After promising to pay for child care for another 146,000 children from low-income families, Newsom on Friday proposed pausing that expansion at 119,000. And after promising to boost how much money doctor’s get to treat Medicaid patients, Newsom on Friday proposed canceling $6.7 billion that had been set aside to do that.

 

[…]

 

In total, Newsom is proposing $32.8 billion in cuts over two years, including eliminating 10,000 unfilled state jobs and an 8% cut to state operations — including things like eliminating landlines. He promised there would be no layoffs, furloughs or salary cuts for the state’s more than 221,000 state workers.

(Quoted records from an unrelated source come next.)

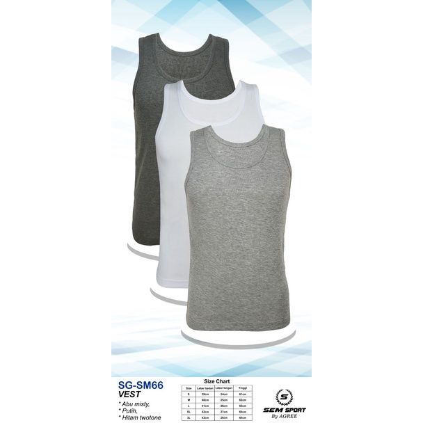 GROSIR Kaos Dalam Singlet Pria SEM SPORT SM66 By Agree Bahan Katun ( Size M - XXL ) icalk
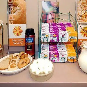 The Sleep Inn South offers buffet breakfast with cinnamon rolls, bagels, and yogurts.
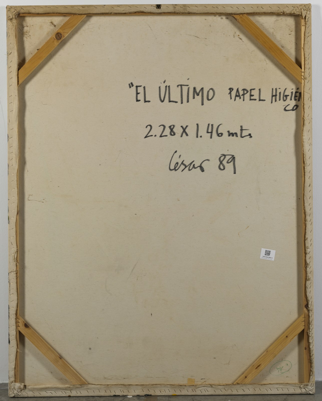 DELGADO BENITEZ CESAR (n. 1961) El ultimo papel... 1989. Olio su tela . Cm 228,00 x 146,00. Al retro firma, titolo e anno. Autentica dell'artista su fotografia.
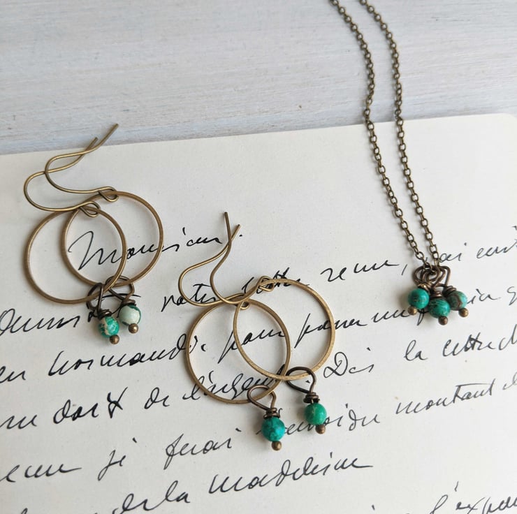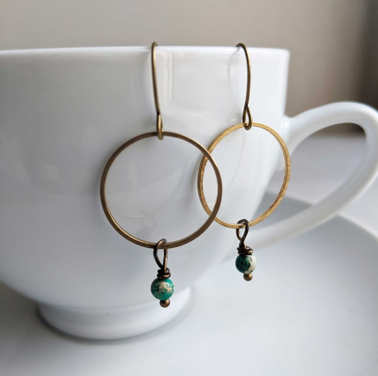 Beautifully fine golden brass hoops, with African turquoise gemstone drops.

Wisconsin Supreme Court to Decide Fewest Cases in 40 Years

Is this a problem? I rather like a minimalist court. Although it does seem that this particular court is usurping power and running roughshod over the Constitution where they choose.

It would be the first time the court has issued fewer than 40 decisions in a term in at least four decades.

 

According to Ball’s analysis, the court filed more than 130 decisions in its 1980-81 term and has generally fluctuated between 40 and 100 per term in subsequent years. Before the late 1970s and the creation of the court of appeals, the state Supreme Court often filed more than 200 decisions per term and sometimes more than 300.

 

[…]

The number of petitions for review has dropped significantly. The court received 658 petitions in its 2020-21 term, 624 in 2021-22 and 573 in 2022-23. According to a March 2024 report from the court, 332 petitions have been filed in the current term.

“In addition to a smaller number of petitions for review, the justices have clearly decided that fewer of the petitions merit acceptance. Why that might be is harder to say,” Ball said.

It is interesting that there are so few petitions. Does this indicate a lack of confidence in the court? Maybe. Maybe it’s just coincidence.